WORK REQUIRED — Leaving out pictures, output exactly the lines below from the one that has "Der er i alt" through the one that has "为了响应习近平总书记加强党史", and nothing else.

EXCERPTED DATA —

BEGIN

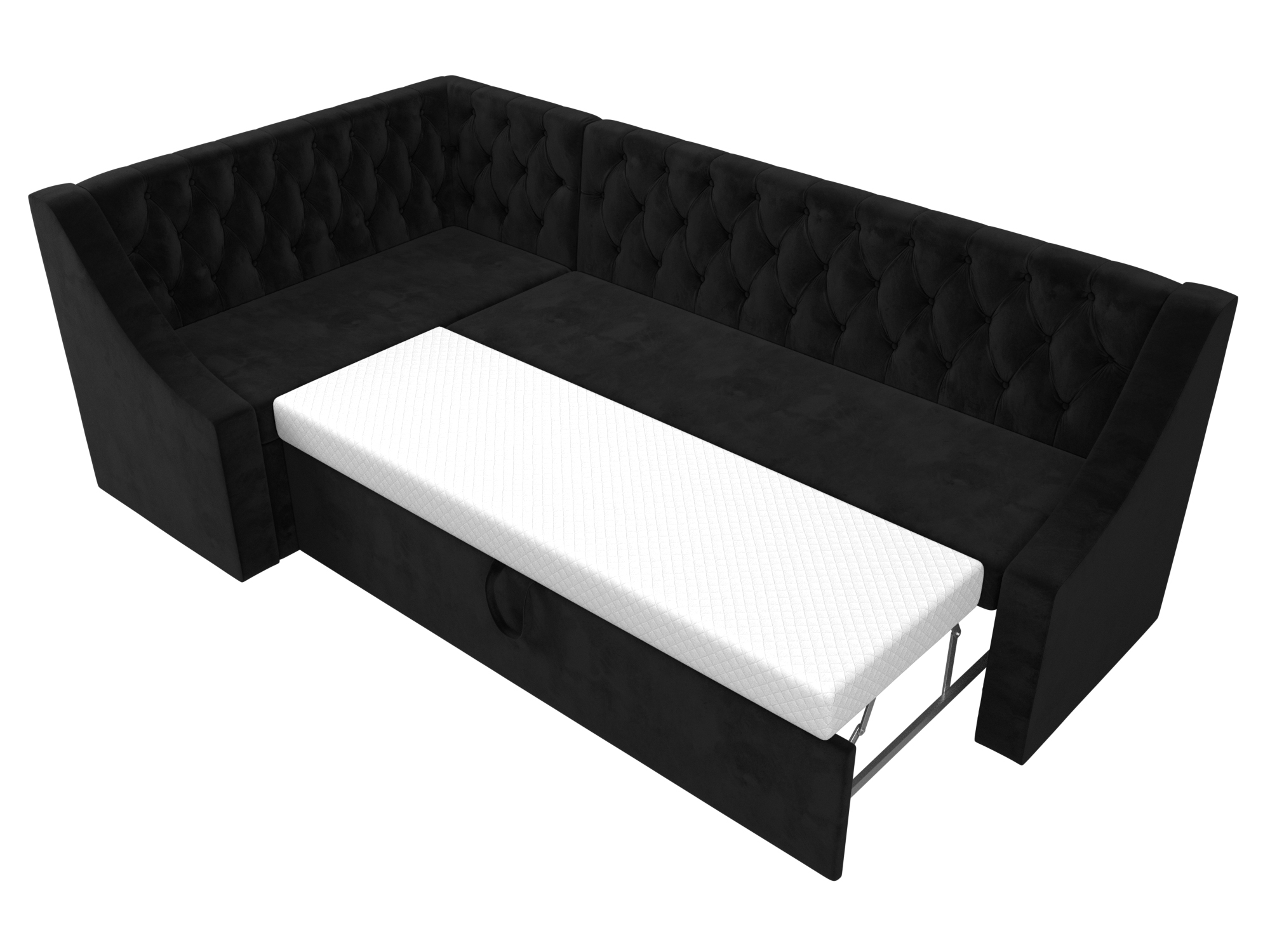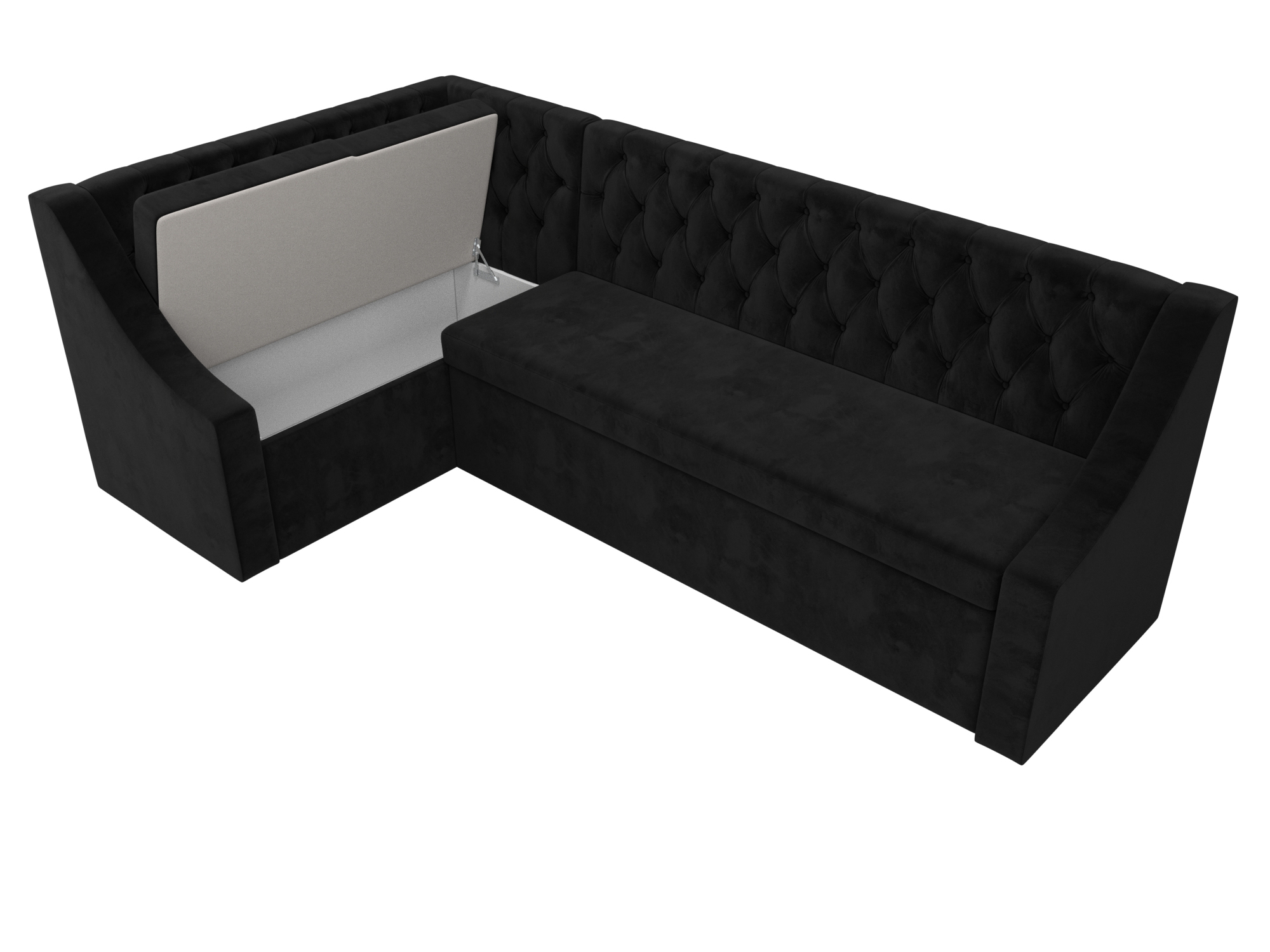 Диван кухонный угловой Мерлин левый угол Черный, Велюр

END
BEGIN

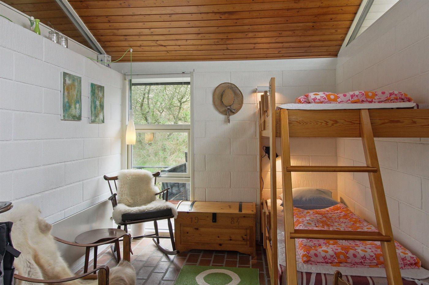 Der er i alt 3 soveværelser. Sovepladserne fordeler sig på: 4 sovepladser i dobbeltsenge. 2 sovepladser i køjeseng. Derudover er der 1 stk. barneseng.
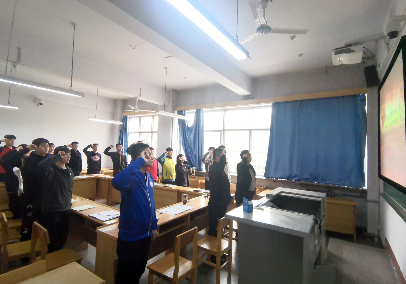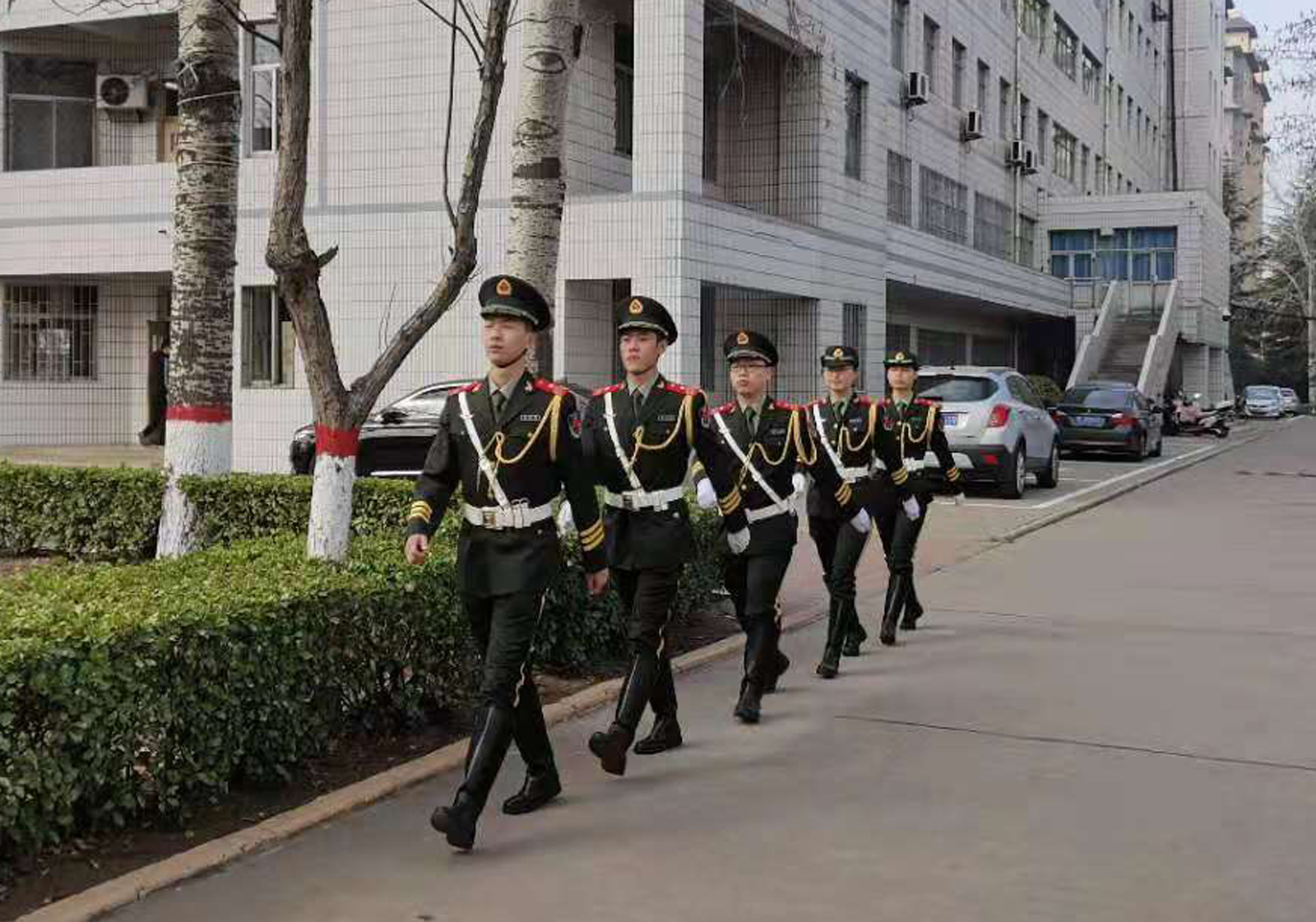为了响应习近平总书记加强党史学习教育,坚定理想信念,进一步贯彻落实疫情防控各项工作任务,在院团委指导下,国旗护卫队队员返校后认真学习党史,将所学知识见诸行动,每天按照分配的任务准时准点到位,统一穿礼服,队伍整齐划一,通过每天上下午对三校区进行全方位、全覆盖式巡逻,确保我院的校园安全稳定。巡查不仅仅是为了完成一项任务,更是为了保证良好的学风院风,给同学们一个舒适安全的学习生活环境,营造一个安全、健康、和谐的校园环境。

END

YOUR SOLUTION —
 Der er i alt 3 soveværelser. Sovepladserne fordeler sig på: 4 sovepladser i dobbeltsenge. 2 sovepladser i køjeseng. Derudover er der 1 stk. barneseng.
为了响应习近平总书记加强党史学习教育,坚定理想信念,进一步贯彻落实疫情防控各项工作任务,在院团委指导下,国旗护卫队队员返校后认真学习党史,将所学知识见诸行动,每天按照分配的任务准时准点到位,统一穿礼服,队伍整齐划一,通过每天上下午对三校区进行全方位、全覆盖式巡逻,确保我院的校园安全稳定。巡查不仅仅是为了完成一项任务,更是为了保证良好的学风院风,给同学们一个舒适安全的学习生活环境,营造一个安全、健康、和谐的校园环境。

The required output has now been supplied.